*WORK REQUIRED*
From the line containing "Fique confortável neste" to the line containing "Na kraj smo" in the records below, set down every line exactly as it stands, both ends included, and skip the pictures.

*SOURCE MATERIAL*
- - - - - - -
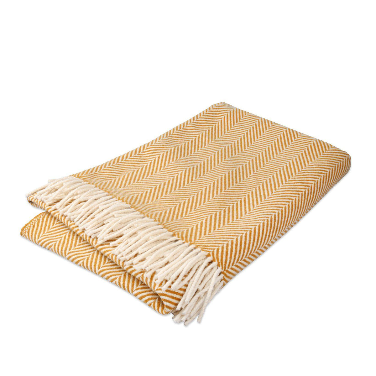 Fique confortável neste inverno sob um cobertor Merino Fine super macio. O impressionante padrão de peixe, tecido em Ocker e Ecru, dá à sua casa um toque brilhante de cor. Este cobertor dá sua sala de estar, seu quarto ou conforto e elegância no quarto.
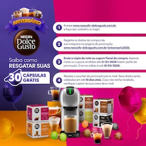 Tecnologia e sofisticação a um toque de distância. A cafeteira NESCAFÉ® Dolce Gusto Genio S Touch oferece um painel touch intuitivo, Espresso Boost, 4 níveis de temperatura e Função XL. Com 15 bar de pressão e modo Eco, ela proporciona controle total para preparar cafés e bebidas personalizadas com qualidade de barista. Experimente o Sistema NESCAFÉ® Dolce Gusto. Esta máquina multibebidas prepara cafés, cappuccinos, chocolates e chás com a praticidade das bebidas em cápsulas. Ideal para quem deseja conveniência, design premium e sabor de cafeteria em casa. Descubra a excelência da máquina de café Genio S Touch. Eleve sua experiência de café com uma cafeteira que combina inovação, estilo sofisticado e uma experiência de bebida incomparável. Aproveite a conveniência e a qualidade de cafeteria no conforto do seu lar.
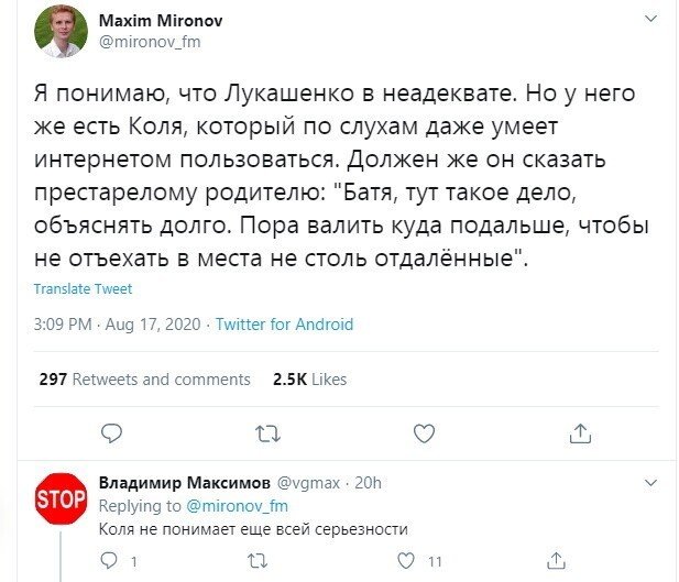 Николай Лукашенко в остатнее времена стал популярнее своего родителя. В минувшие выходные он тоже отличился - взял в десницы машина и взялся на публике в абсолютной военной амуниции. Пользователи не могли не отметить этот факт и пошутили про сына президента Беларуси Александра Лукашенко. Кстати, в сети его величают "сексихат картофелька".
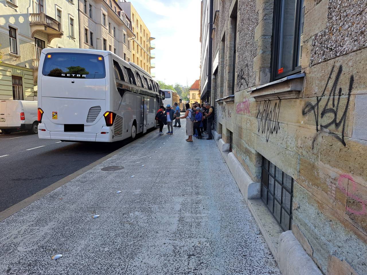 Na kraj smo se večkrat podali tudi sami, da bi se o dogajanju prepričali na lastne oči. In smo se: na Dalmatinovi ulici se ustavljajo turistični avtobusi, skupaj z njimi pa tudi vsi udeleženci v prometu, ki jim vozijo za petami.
- - - - - - -
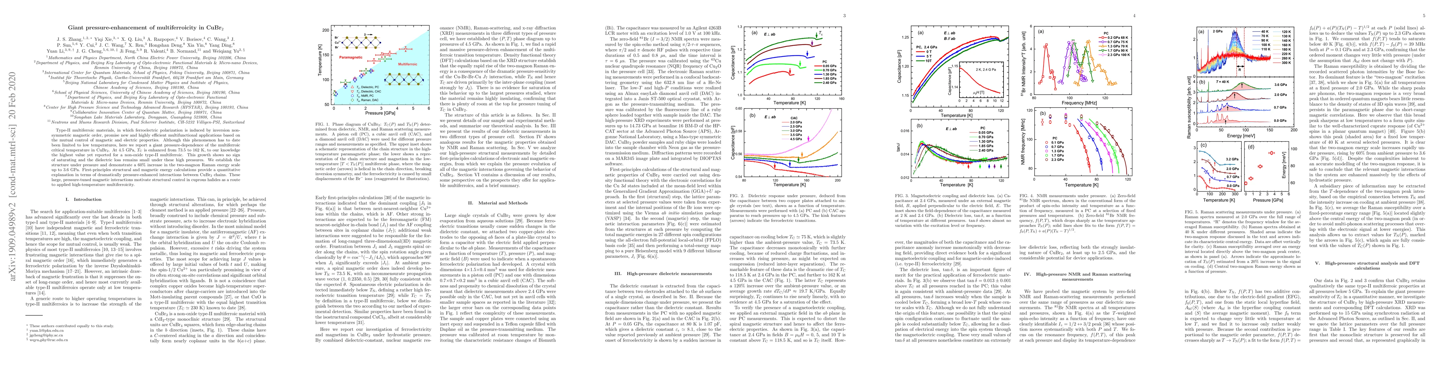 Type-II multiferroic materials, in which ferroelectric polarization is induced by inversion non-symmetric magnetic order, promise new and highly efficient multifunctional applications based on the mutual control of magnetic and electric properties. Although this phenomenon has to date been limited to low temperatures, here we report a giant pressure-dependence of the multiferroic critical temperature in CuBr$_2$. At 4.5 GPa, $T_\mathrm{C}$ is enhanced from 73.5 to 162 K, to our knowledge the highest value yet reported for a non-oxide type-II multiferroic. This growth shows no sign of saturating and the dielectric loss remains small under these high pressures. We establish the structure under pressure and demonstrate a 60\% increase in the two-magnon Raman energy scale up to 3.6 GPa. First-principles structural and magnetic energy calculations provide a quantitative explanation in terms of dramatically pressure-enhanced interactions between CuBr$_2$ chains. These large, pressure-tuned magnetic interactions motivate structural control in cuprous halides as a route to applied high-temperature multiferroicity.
- - - - - - -
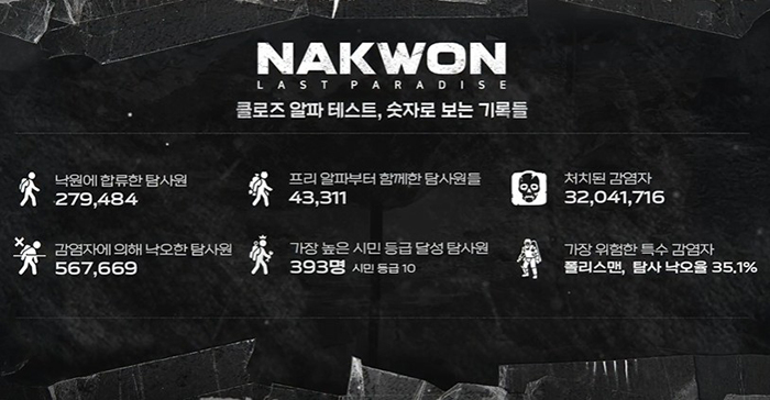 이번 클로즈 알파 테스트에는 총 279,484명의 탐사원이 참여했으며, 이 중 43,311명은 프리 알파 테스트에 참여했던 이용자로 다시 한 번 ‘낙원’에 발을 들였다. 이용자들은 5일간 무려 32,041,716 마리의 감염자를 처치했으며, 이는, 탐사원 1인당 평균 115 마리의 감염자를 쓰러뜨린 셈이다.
- - - - - - -
*REPLY*
 Fique confortável neste inverno sob um cobertor Merino Fine super macio. O impressionante padrão de peixe, tecido em Ocker e Ecru, dá à sua casa um toque brilhante de cor. Este cobertor dá sua sala de estar, seu quarto ou conforto e elegância no quarto.
 Tecnologia e sofisticação a um toque de distância. A cafeteira NESCAFÉ® Dolce Gusto Genio S Touch oferece um painel touch intuitivo, Espresso Boost, 4 níveis de temperatura e Função XL. Com 15 bar de pressão e modo Eco, ela proporciona controle total para preparar cafés e bebidas personalizadas com qualidade de barista. Experimente o Sistema NESCAFÉ® Dolce Gusto. Esta máquina multibebidas prepara cafés, cappuccinos, chocolates e chás com a praticidade das bebidas em cápsulas. Ideal para quem deseja conveniência, design premium e sabor de cafeteria em casa. Descubra a excelência da máquina de café Genio S Touch. Eleve sua experiência de café com uma cafeteira que combina inovação, estilo sofisticado e uma experiência de bebida incomparável. Aproveite a conveniência e a qualidade de cafeteria no conforto do seu lar.
 Николай Лукашенко в остатнее времена стал популярнее своего родителя. В минувшие выходные он тоже отличился - взял в десницы машина и взялся на публике в абсолютной военной амуниции. Пользователи не могли не отметить этот факт и пошутили про сына президента Беларуси Александра Лукашенко. Кстати, в сети его величают "сексихат картофелька".
 Na kraj smo se večkrat podali tudi sami, da bi se o dogajanju prepričali na lastne oči. In smo se: na Dalmatinovi ulici se ustavljajo turistični avtobusi, skupaj z njimi pa tudi vsi udeleženci v prometu, ki jim vozijo za petami.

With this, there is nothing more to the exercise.